U.S. Pat. No. 6,202,395 to Gramm (hereinafter “Gramm '395”) and U.S. Pat. No. 6,523,333 to Metzger (hereinafter Metzger '333), both of which are hereby incorporated herein in their entirety by reference, describe the need for automatically controlling header height and the advantages achieved through the use of height sensors mounted near the snout tips of the header. In both Gramm '395 and Metzger '333 the height sensors generate output signals of varying magnitude based on the rotational position of the sensing arm relative to the crop divider snout. The electrical output signals from the height sensors are communicated to the combine's header control system to automatically actuate the combine's hydraulics to raise and lower the header in response to the output signals of the height sensor. Neither Gramm '395 nor Metzger '333, however, discuss the effects of the sensitivity or responsiveness of the height sensor when the crop divider snouts are being run at or near the ground.

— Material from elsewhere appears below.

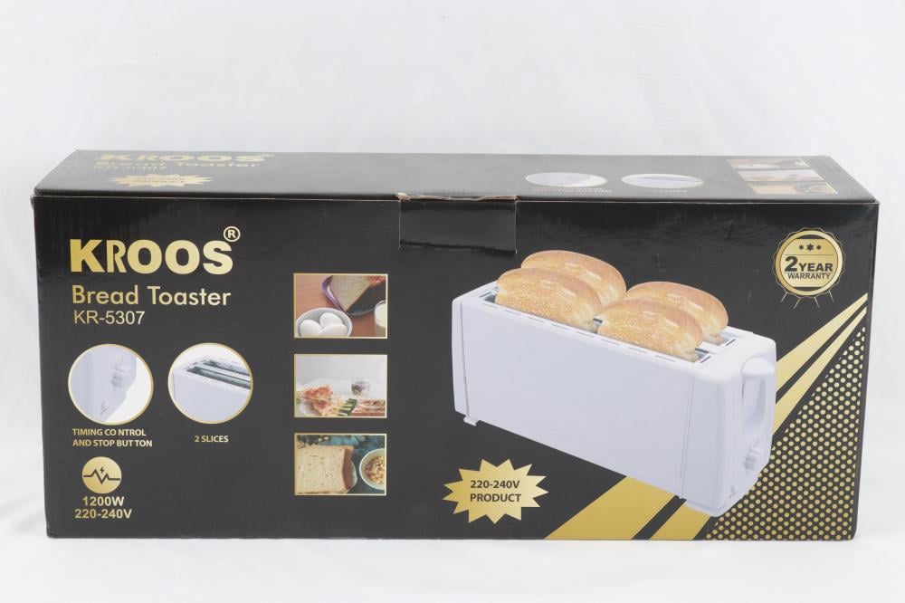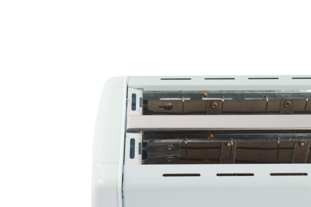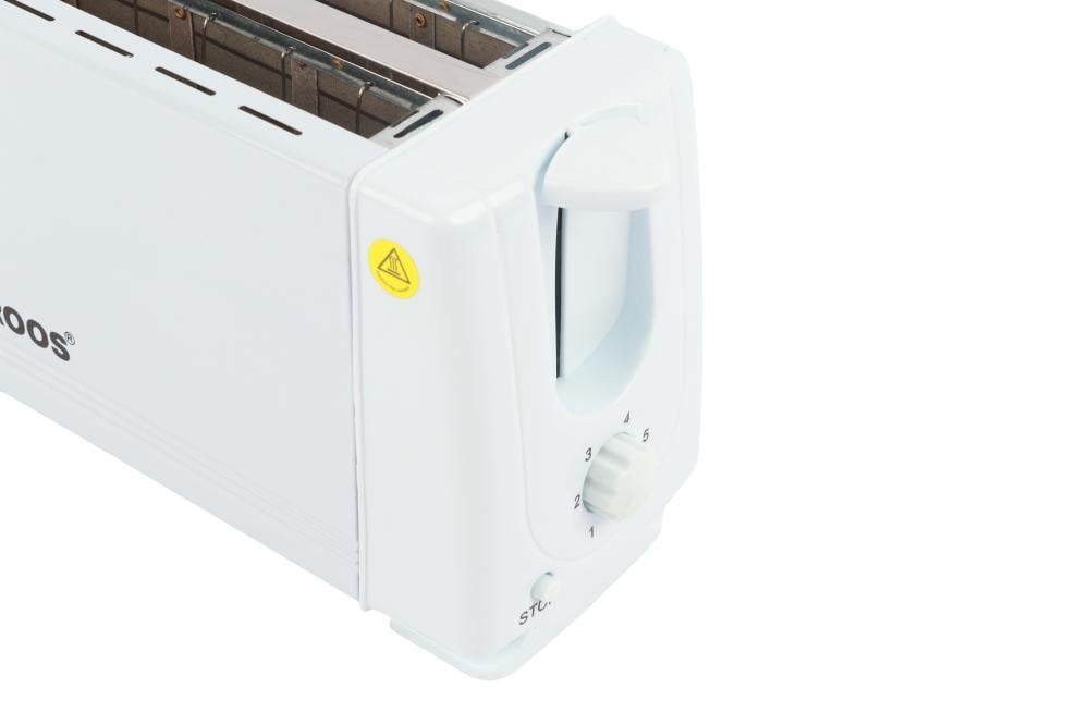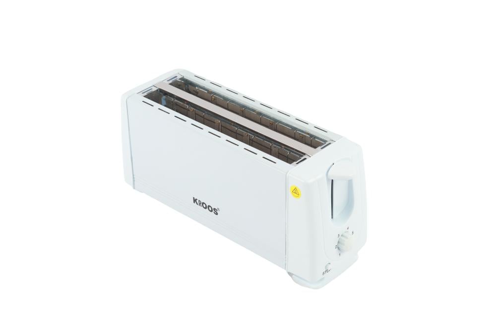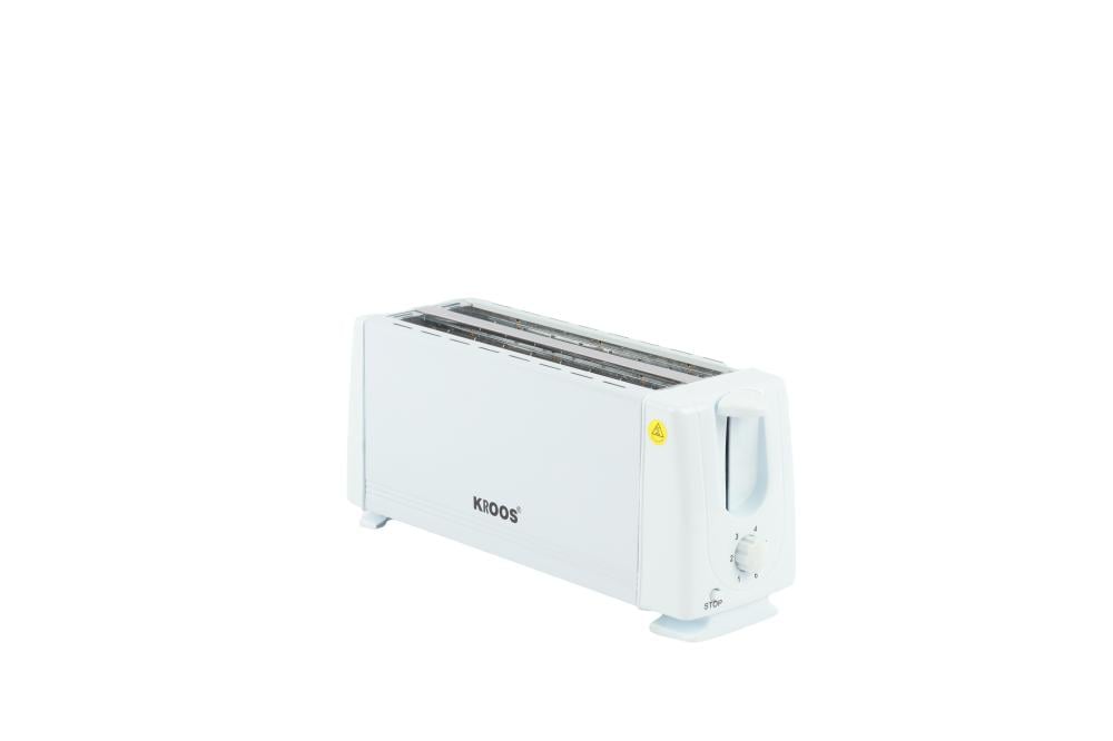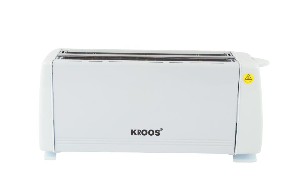 محمصة توست 4 شرائح غطاء من الفولاذ المقاوم للصدأ ازالة صينية الفتات للخارج بقدره 1200 وات أبيض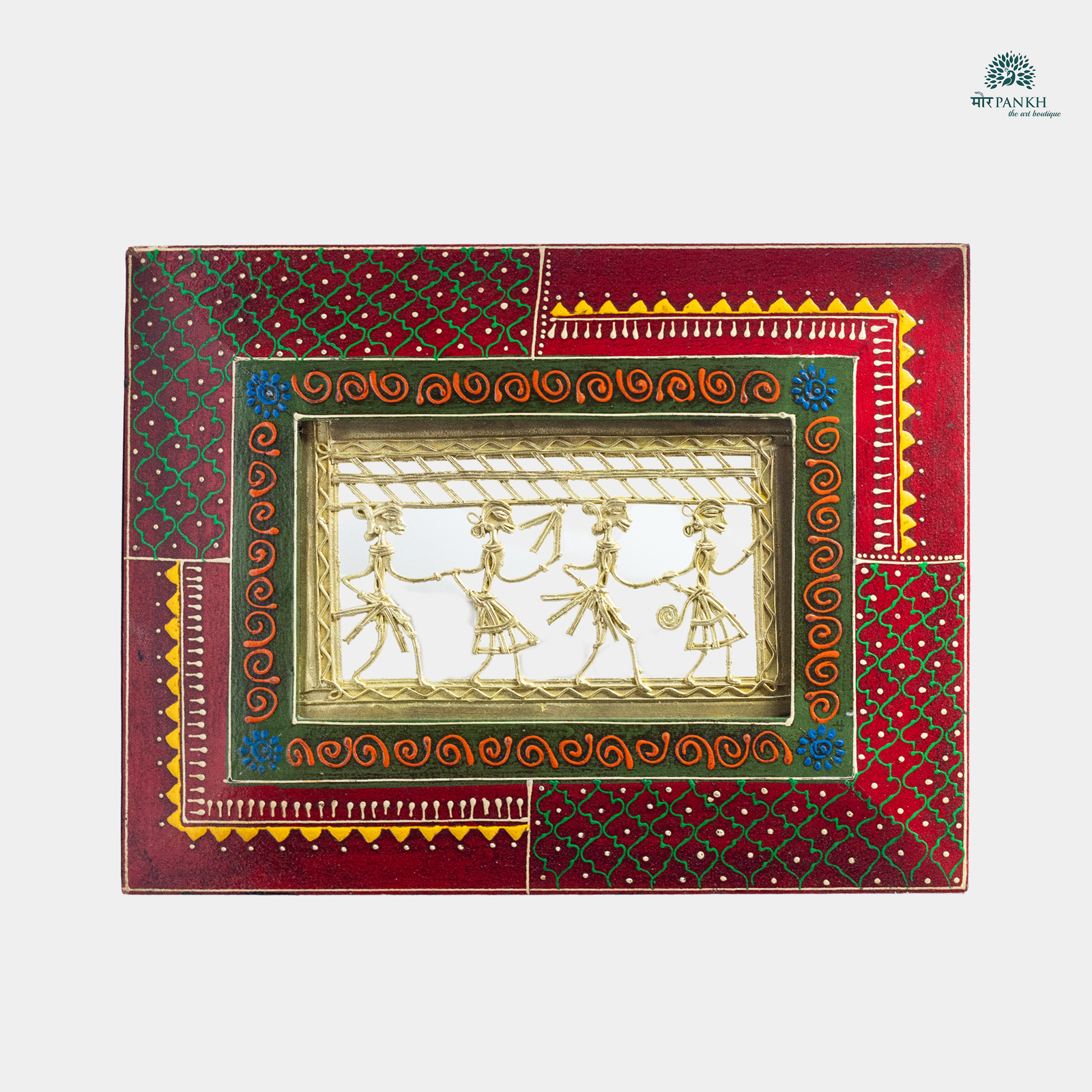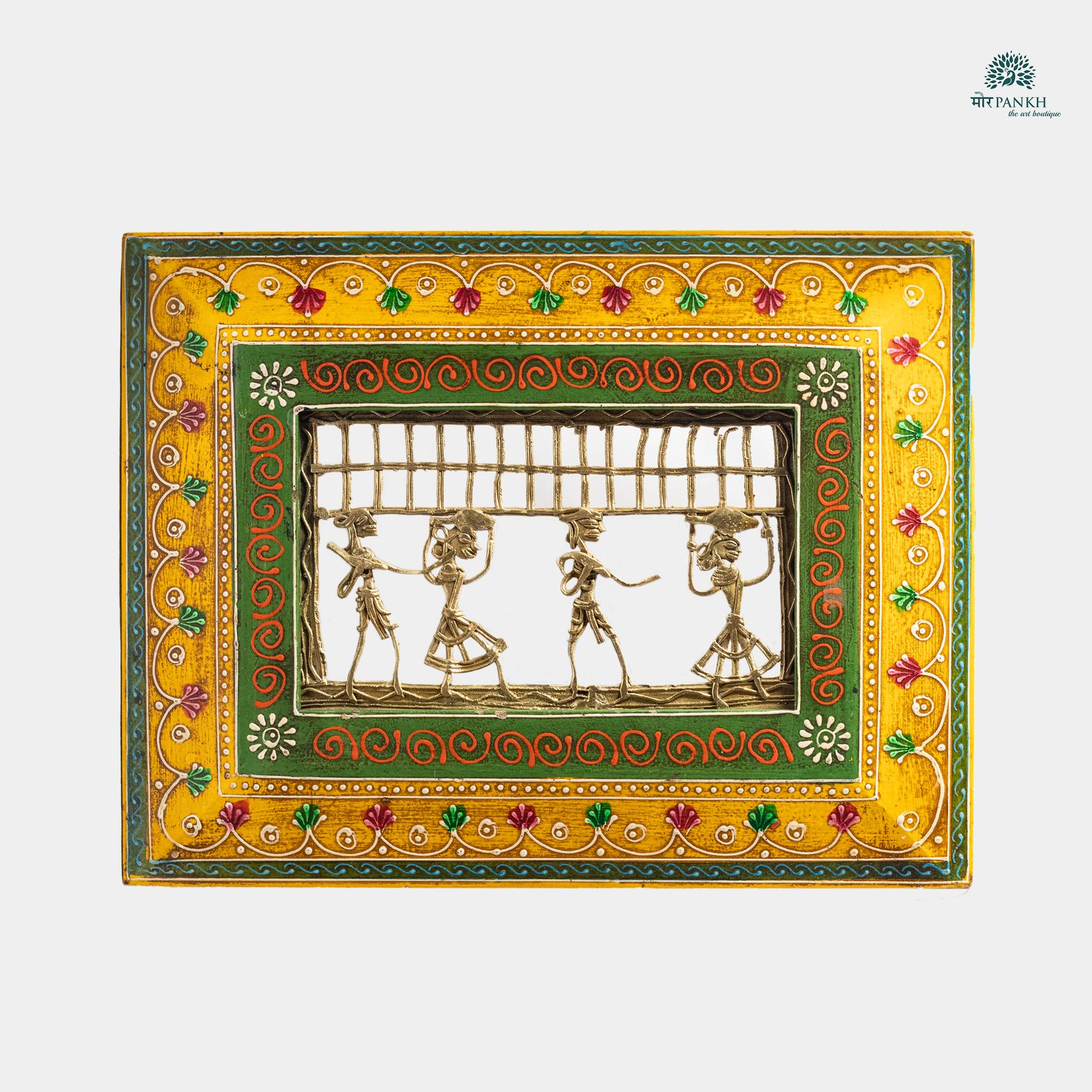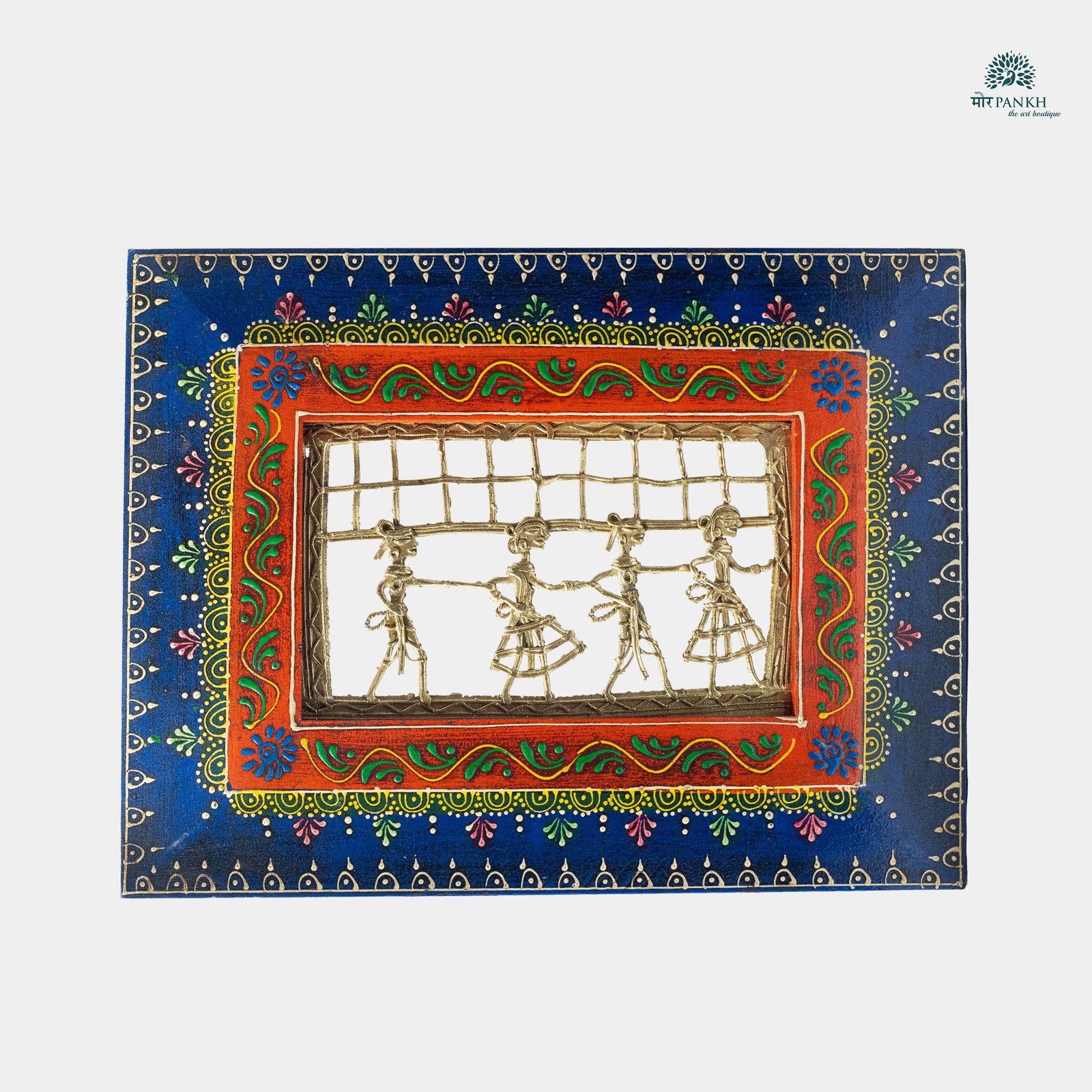 Handpainted Decorative Frame with Dhokra Brass Artwork – Wall Décor -10×13 (Blue, O.Gr. Red, Yellow)

Although it is advantageous to place height sensors near the tips of the snouts for the reasons disclosed in Gramm '395 and Metzger '333, it should be appreciated that after the snout tips touch the ground and the rest of header continues to be lowered, the actual header height will no longer have the same near-linear proportionality to the movement of the height sensing arms because the height sensor arm will rotate very little relative to the snout to which it is mounted. As a result, a larger effective “dead band” is developed at the most critical operating heights of the header, thereby increasing likelihood of impact of the header with the ground surface or the undesired loss of crop should the operator choose instead to raise the header to avoid the chance of ground impact. Even with the proportional header control systems available on late model combines which cause the headers to raise quicker when the height sensors indicate abrupt ground elevation changes, the responsiveness of such proportional systems is still compromised when the snouts are being run at ground level due to the limited rotational movement of the height sensor at such positions.
Accordingly, there is a need for a header height control system that takes advantage of a height sensor located as far forward on the crop dividing snout as practicable to allow earlier ground sensing so as to provide maximum warning time for the header height control system to respond to terrain changes, while at the same time improving the responsiveness of the control system when the header is being run at or near the ground surface.